*Assignment*.
Below are lines of records; copy exactly those from the one containing "Considera la incorporación" through the one containing "超聲波流量計 一、概 述", leaving the pictures behind.

---------- Record set ----------

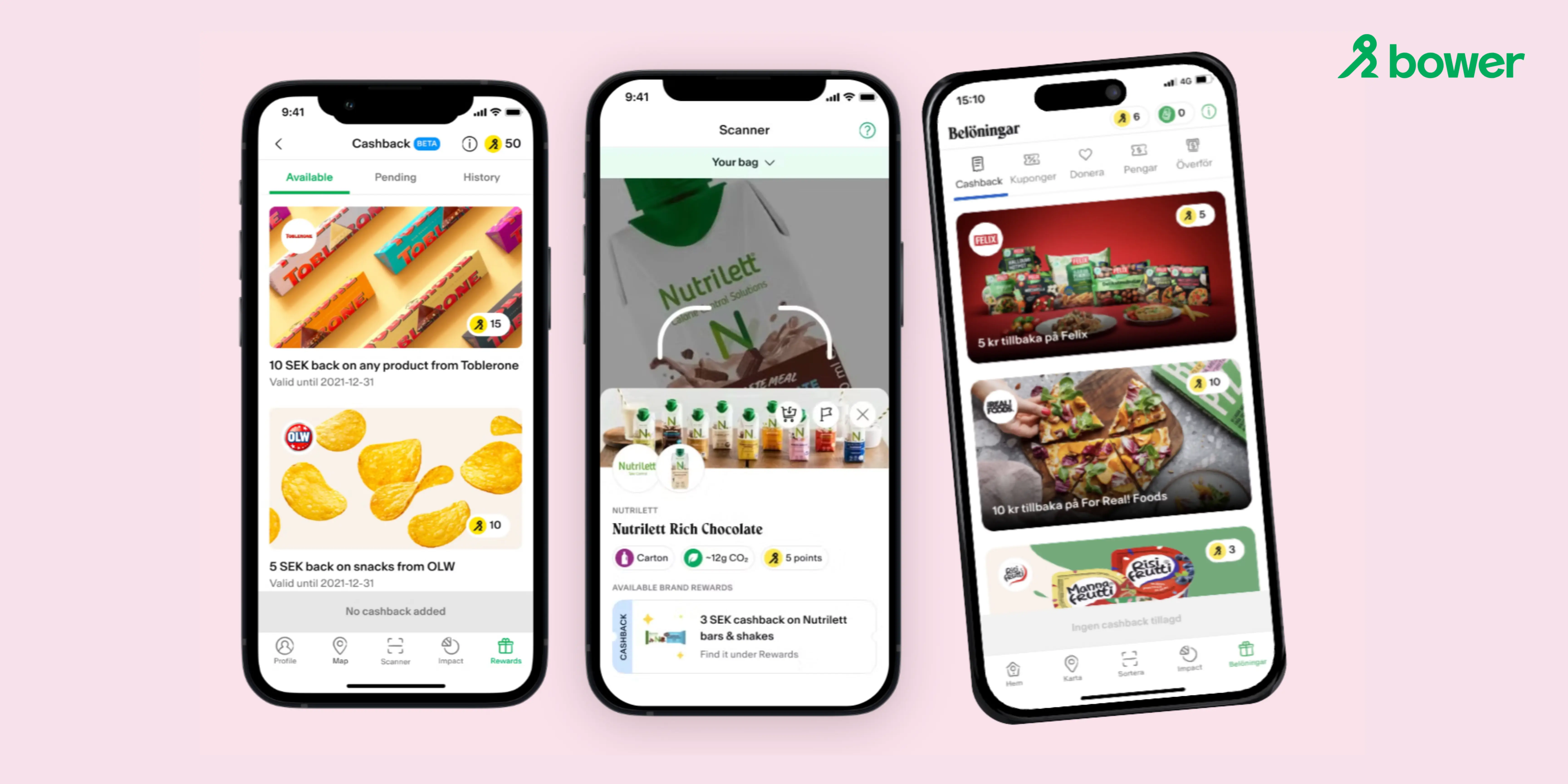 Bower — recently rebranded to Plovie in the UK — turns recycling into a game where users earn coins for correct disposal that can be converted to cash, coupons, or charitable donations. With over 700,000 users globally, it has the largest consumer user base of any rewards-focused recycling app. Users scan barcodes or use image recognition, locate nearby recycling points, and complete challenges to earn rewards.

----------
---------- Record set ----------

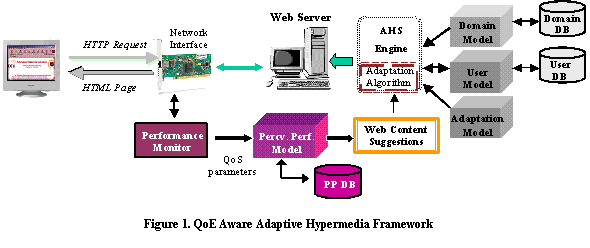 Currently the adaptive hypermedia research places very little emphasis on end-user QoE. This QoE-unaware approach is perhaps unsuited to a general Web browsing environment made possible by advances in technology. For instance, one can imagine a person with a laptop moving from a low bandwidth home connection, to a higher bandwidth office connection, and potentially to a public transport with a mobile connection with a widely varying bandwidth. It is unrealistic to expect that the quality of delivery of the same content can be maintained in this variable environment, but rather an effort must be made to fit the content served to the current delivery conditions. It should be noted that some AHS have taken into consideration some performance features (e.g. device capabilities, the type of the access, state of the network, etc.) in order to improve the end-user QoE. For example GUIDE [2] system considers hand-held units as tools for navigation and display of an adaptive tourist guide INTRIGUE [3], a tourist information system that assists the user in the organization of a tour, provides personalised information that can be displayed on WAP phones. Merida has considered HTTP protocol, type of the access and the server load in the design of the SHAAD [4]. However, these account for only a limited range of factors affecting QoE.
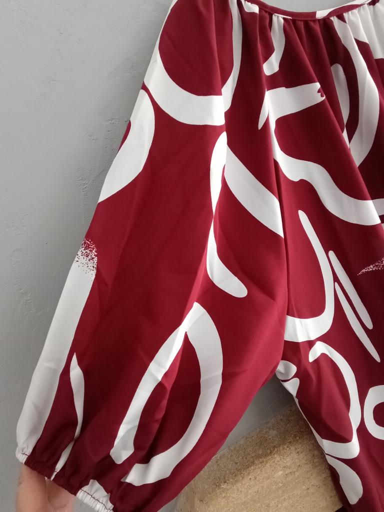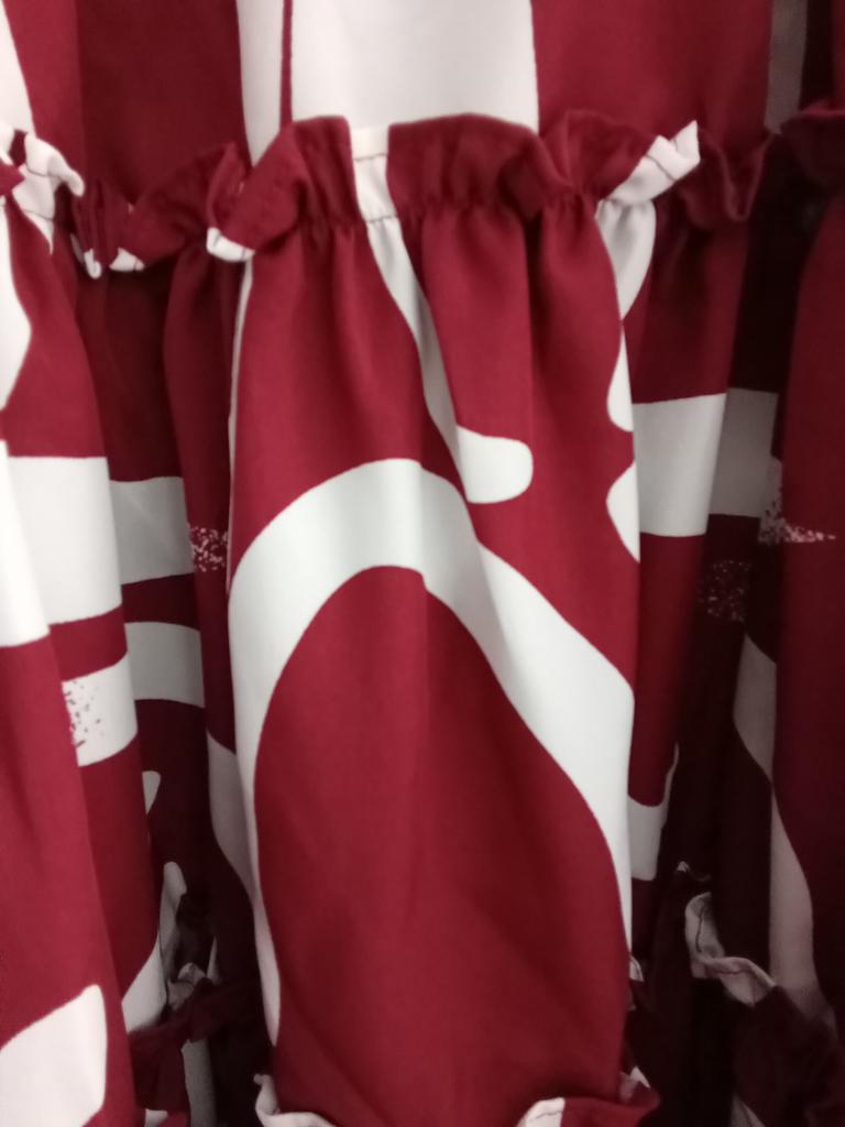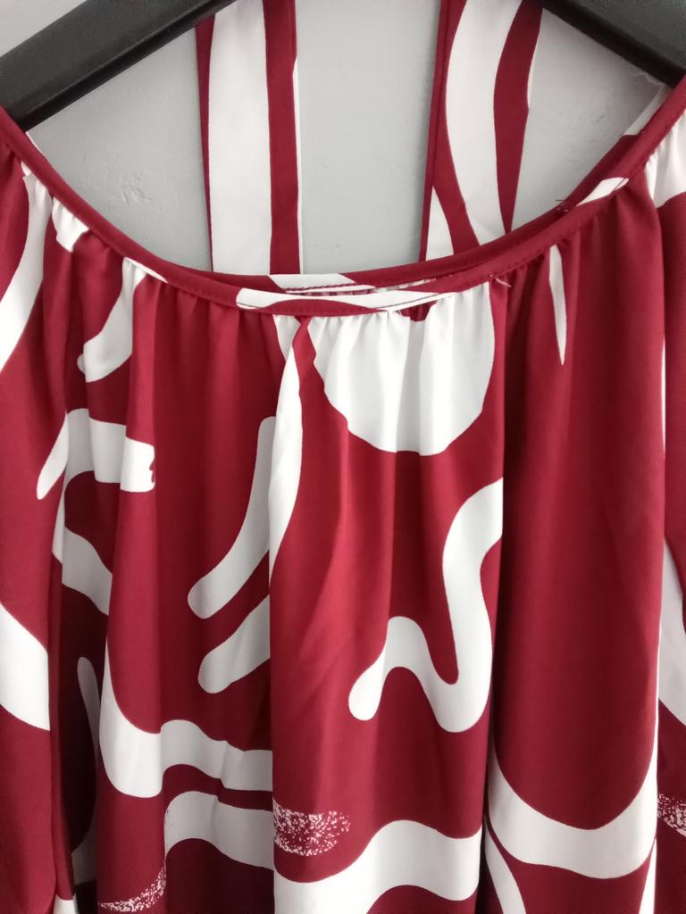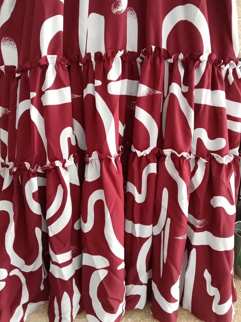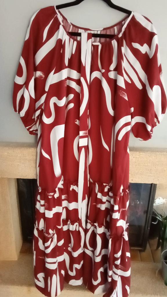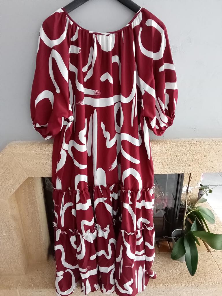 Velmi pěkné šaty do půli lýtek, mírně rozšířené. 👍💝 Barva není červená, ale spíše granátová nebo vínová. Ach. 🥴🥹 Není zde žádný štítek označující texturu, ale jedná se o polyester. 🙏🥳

----------
---------- Record set ----------

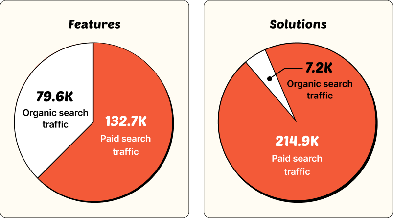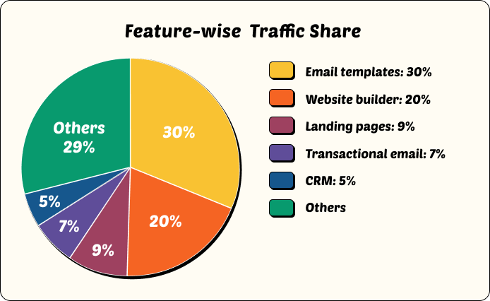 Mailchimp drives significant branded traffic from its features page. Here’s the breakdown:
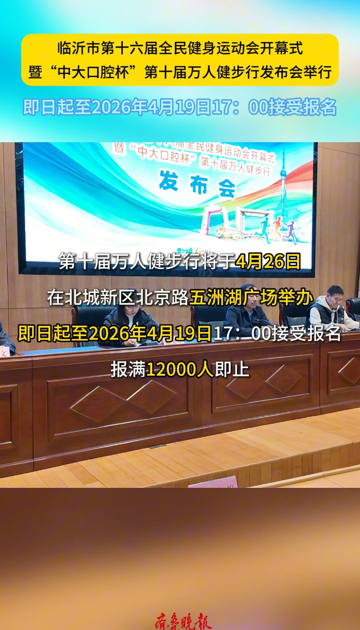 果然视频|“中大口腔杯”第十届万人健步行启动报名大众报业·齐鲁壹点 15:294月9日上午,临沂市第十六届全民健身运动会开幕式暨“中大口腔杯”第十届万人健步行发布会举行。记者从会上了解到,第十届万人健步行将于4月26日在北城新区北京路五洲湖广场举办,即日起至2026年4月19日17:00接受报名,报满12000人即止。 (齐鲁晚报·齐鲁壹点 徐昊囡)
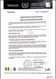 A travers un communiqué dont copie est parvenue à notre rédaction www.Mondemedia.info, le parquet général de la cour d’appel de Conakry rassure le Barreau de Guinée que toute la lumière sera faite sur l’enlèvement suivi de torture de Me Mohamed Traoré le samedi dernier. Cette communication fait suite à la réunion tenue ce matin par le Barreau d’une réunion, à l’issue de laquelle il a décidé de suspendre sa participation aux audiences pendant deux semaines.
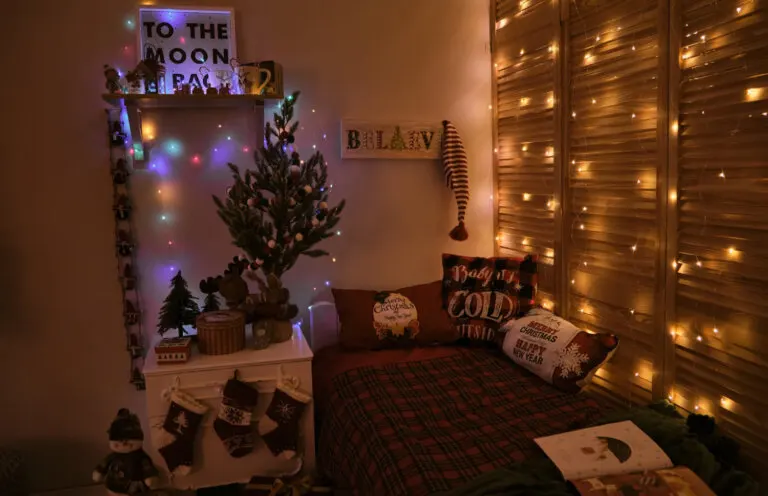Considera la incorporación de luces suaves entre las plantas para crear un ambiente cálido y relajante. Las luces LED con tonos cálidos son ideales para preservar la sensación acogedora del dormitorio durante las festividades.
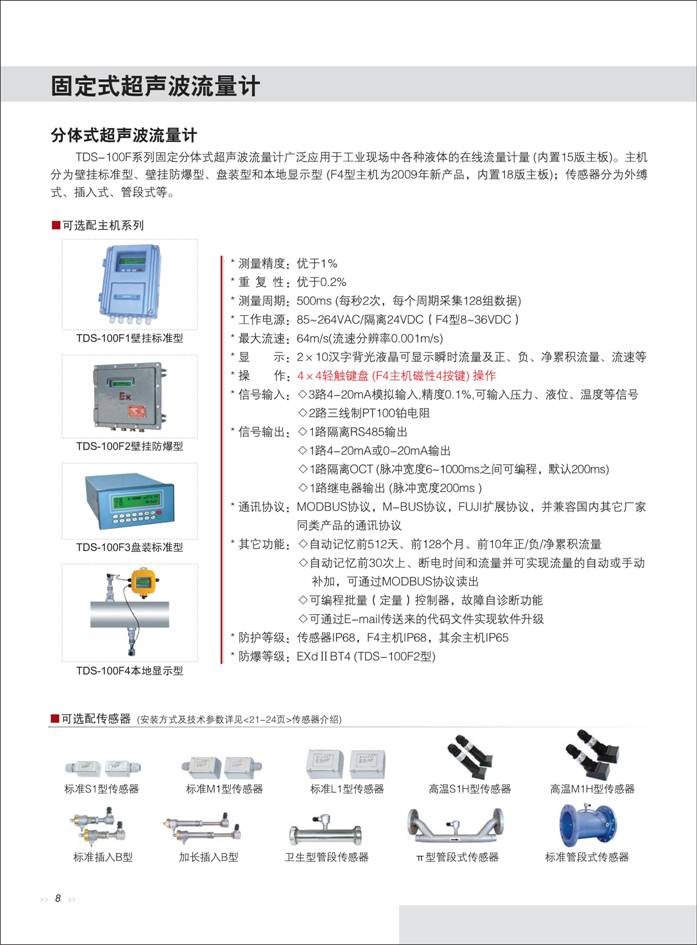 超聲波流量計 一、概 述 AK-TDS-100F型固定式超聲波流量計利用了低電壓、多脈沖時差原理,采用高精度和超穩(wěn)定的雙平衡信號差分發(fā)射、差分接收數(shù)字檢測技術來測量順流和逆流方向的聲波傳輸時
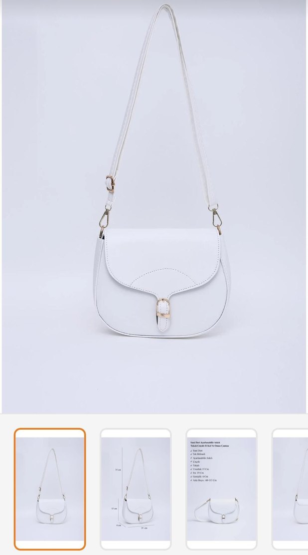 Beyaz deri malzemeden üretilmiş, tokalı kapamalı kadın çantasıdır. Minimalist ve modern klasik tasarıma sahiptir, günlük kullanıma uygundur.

----------

*Result*.
Considera la incorporación de luces suaves entre las plantas para crear un ambiente cálido y relajante. Las luces LED con tonos cálidos son ideales para preservar la sensación acogedora del dormitorio durante las festividades.
 超聲波流量計 一、概 述 AK-TDS-100F型固定式超聲波流量計利用了低電壓、多脈沖時差原理,采用高精度和超穩(wěn)定的雙平衡信號差分發(fā)射、差分接收數(shù)字檢測技術來測量順流和逆流方向的聲波傳輸時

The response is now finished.